Reproduce each line of the following material exactly, omitting the images.

■ Data for this task ■
+--

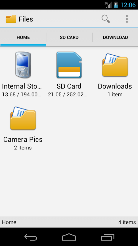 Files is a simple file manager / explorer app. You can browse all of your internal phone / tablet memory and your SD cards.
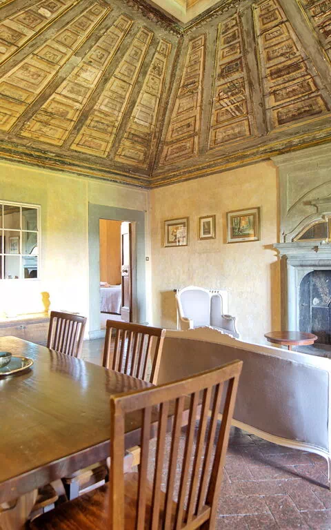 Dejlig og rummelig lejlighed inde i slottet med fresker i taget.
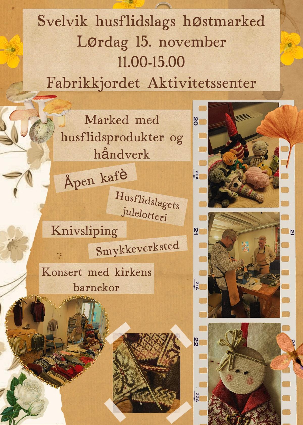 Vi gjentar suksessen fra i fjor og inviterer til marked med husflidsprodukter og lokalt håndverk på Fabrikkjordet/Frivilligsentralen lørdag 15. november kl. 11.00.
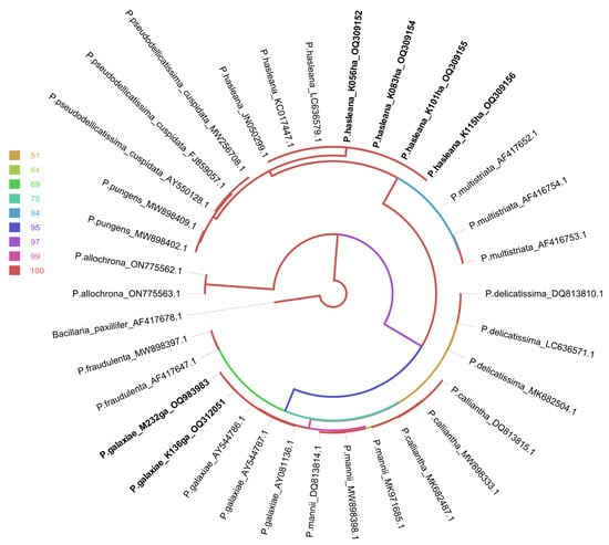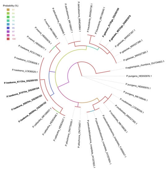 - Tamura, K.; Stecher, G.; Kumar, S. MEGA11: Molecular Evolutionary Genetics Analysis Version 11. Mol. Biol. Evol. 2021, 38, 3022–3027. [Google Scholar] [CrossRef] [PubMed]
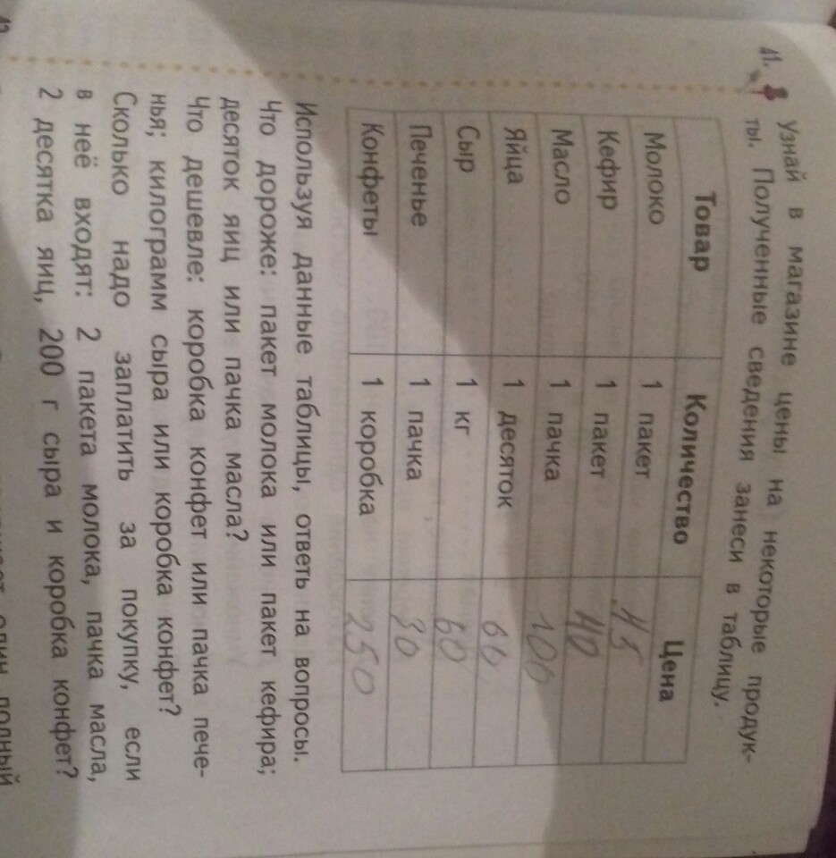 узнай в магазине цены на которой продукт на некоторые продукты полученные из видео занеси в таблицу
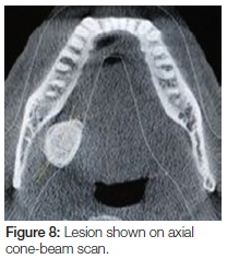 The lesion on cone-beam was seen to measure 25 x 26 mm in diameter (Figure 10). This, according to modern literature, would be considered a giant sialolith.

+--

■ Reply ■
 Files is a simple file manager / explorer app. You can browse all of your internal phone / tablet memory and your SD cards.
 Dejlig og rummelig lejlighed inde i slottet med fresker i taget.
 Vi gjentar suksessen fra i fjor og inviterer til marked med husflidsprodukter og lokalt håndverk på Fabrikkjordet/Frivilligsentralen lørdag 15. november kl. 11.00.
 - Tamura, K.; Stecher, G.; Kumar, S. MEGA11: Molecular Evolutionary Genetics Analysis Version 11. Mol. Biol. Evol. 2021, 38, 3022–3027. [Google Scholar] [CrossRef] [PubMed]
 узнай в магазине цены на которой продукт на некоторые продукты полученные из видео занеси в таблицу
 The lesion on cone-beam was seen to measure 25 x 26 mm in diameter (Figure 10). This, according to modern literature, would be considered a giant sialolith.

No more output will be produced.